State-funded care for older people should be paid for via a new social insurance scheme – dubbed the Later Life Care Fund – according to an independent think tank
Adult social care funding should be separated into two pots for working age adults and those in later-life - and be paid for via distinct models, an independent think tank has said.
State funded care for people in later life - defined as those at retirement age or older – should be funded via new social insurance scheme where ‘individuals contribute to a pooled, privately-managed and invested Later Life Care Fund,’ Re:State said in a report published today.
The scheme would be mandatory for people aged 34 and above to ‘contribute 1.8 per cent of their pre-tax income (above a minimum income threshold of £6,240, the lower earnings threshold for pensions auto-enrolment) to the national level Fund, every year until they retire,’ the report said.
It adds that the fund ‘would be invested over time, with an explicit mandate to maximise returns, then used to fund state-funded later-life social care for the contributing cohort’.
People of retirement age or older would receive state-funded social if they passed a local authority needs assessments based on ‘national standards’ and ‘has met the contributory requirements during their working life,’ the report adds.
The report authors’ - Alice Semark and Dr Simon Kaye - call for a new ‘social insurance’ model comes as the Independent Casey Commission on Social Care works towards making recommendations to underpin delivery of the government's National Care Service manifesto commitment.
They say the new model is ‘desperately’ needed as the ‘adult social care system is on the brink of collapse’, and the current funding system is ‘failing’ at ‘every point in the system, and for many involved.’
They write: ‘It is no secret that England’s adult social care system is in crisis.

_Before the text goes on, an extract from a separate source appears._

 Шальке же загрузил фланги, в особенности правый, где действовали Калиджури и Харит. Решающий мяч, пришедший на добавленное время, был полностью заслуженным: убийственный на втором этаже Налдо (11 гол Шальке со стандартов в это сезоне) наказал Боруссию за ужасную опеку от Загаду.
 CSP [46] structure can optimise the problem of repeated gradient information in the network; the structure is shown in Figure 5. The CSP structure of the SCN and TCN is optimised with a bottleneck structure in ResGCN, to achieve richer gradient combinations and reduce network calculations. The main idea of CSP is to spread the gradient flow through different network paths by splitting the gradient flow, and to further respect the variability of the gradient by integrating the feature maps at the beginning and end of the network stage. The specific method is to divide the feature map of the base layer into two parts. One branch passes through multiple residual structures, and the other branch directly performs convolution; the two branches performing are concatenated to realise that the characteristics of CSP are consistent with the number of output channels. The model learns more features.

Chronic underfunding, regional disparities, and distributive unfairness plague the system, undermining the accessibility and quality of care services.

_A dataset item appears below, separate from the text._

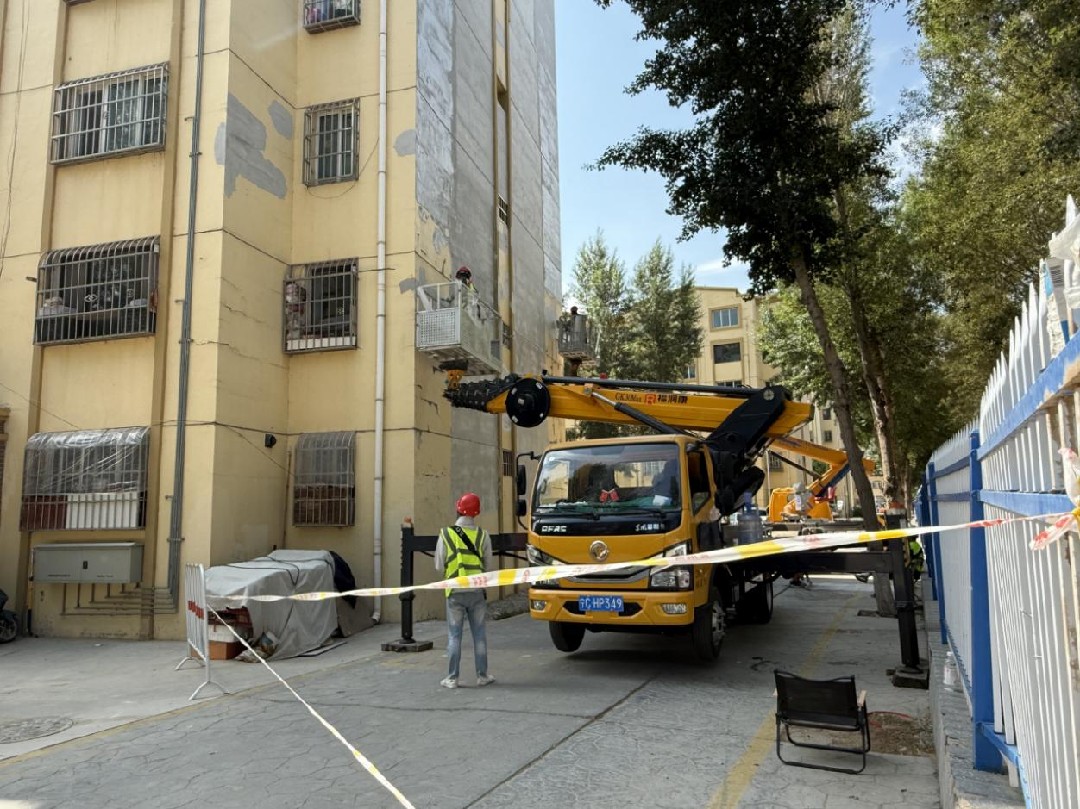 坡头区长安社区针对挑檐墙皮剥落、结构松动的安全隐患,维修人员借助高空作业车清除松动墙皮、加固基层、重新抹灰粉刷,既消除高空坠物风险,也让楼体外立面焕然一新。

‘This crisis is only accelerating in the face of an ageing population and the growing cost of delivering care. Given such enormous complexity, this is a model in need of foundational transformation, not the tweaking of past decades,’ they add.
Commenting on the report, the Social Care Institute for Excellence policy, research, and partnerships director, Deborah Rozansky, who was also interviewed for the report, said it is is a “valuable starting point” and called for the Casey Commission to "fully evaluate all funding options, and embed its findings in a broader, robust plan for change”.
“It is an inescapable truth that we need an open and honest conversation about how we fund our adult social care system. Local authority budgets have not kept pace with demand, and every year, more people are forced to self-fund their care because they are excluded from local authority support. This leaves many without the care and support they need and deserve,” she added.